RTG Lecture Abstracts

Wilderich Tuschmann: Moduli spaces of Riemannian metrics.
Consider a smooth manifold with a Riemannian metric satisfying some sort of curvature or other geometric constraint like, for example, positive scalar curvature, nonnegative Ricci or negative sectional curvature, being Einstein, Kähler, Sasaki, etc. A natural question to ponder is then what the space of all such metrics does look like. Moreover, one can also pose this question for corresponding moduli spaces of metrics, i.e., quotients of the former by (suitable subgroups of) the diffeomorphism group of the manifold, acting by pulling back metrics.
These spaces are customarily equipped with the topology of smooth convergence on compact subsets and the quotient topology, respectively, and their topological properties then provide the right means to measure 'how many' different metrics and geometries the given manifold actually does exhibit; but one can topologize and view those also in very different manners.
The study of spaces of metrics and their moduli has been a topic of interest for differential geometers, global and geometric analysts and topologists alike, and in the course I will introduce to and survey main results and open questions in the field with a focus on nonnegative Ricci or sectional curvature as well as other lower curvature bounds on closed and open manifolds, and, in particular, also discuss broader nontraditional approaches from metric geometry and analysis to these objects and topics.

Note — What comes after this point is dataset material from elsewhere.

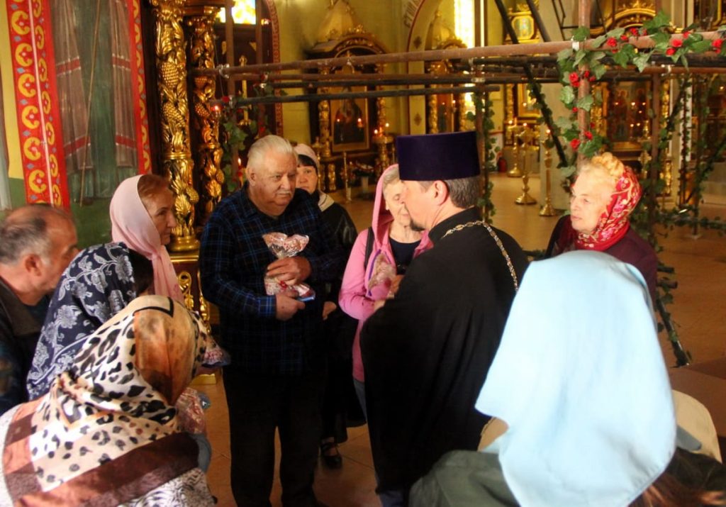 По благословению благочинного приходов Юго-Западного округа протоиерея Иоанна Осяка клирик Троицкого храма г. Ростова-на-Дону иерей Александр Кушнир, помощник благочинного Юго-Западного округа по социальному служению Олег Голиченко и сестра милосердия Троицкого сестричества Наталья Тохтамышева в рамках акции «Пасхальная радость» поздравили членов Совета ветеранов Железнодорожного района г. Ростова-на-Дону с праздником Пасхи. Они вручили пасхальные куличи, которые подготовил Попечительский совет прихода, напомнили о традициях празднования Пасхи и Светлой седмицы, пожелали всем здоровья и успехов в вопросах патриотического воспитания молодёжи.

Ana Chavez Caliz: A glimpse to Projective GeometryIn his book "Projective Geometry", Harold Coxeter introduces projective geometry by stating:
"Is it possible to develop a geometry having no circles, no distances, no angles, no intermediacy (or 'betweenness'), and no parallelism? Surprisingly, the answer is Yes; what remains is projective geometry: a beautiful and intricate system of propositions, simpler than Euclid's, but not too simple to be interesting."
And, in words of Arthur Cayley,
"Metrical geometry is thus part of descriptive geometry, and descriptive geometry is all geometry."
Thus, working with geometrical objects in the frame of Projective geometry allows us to see beyond angles and distances and explore the most fundamental geometric structures and incidence relations.
We plan to go over some basic definitions on projective geometry, and show how affine geometry fits in this geometrical model. We will talk about Configuration theorems, and some geometric spaces (like spaces of lines, polygons, to mention a few) that have a natural projective structure.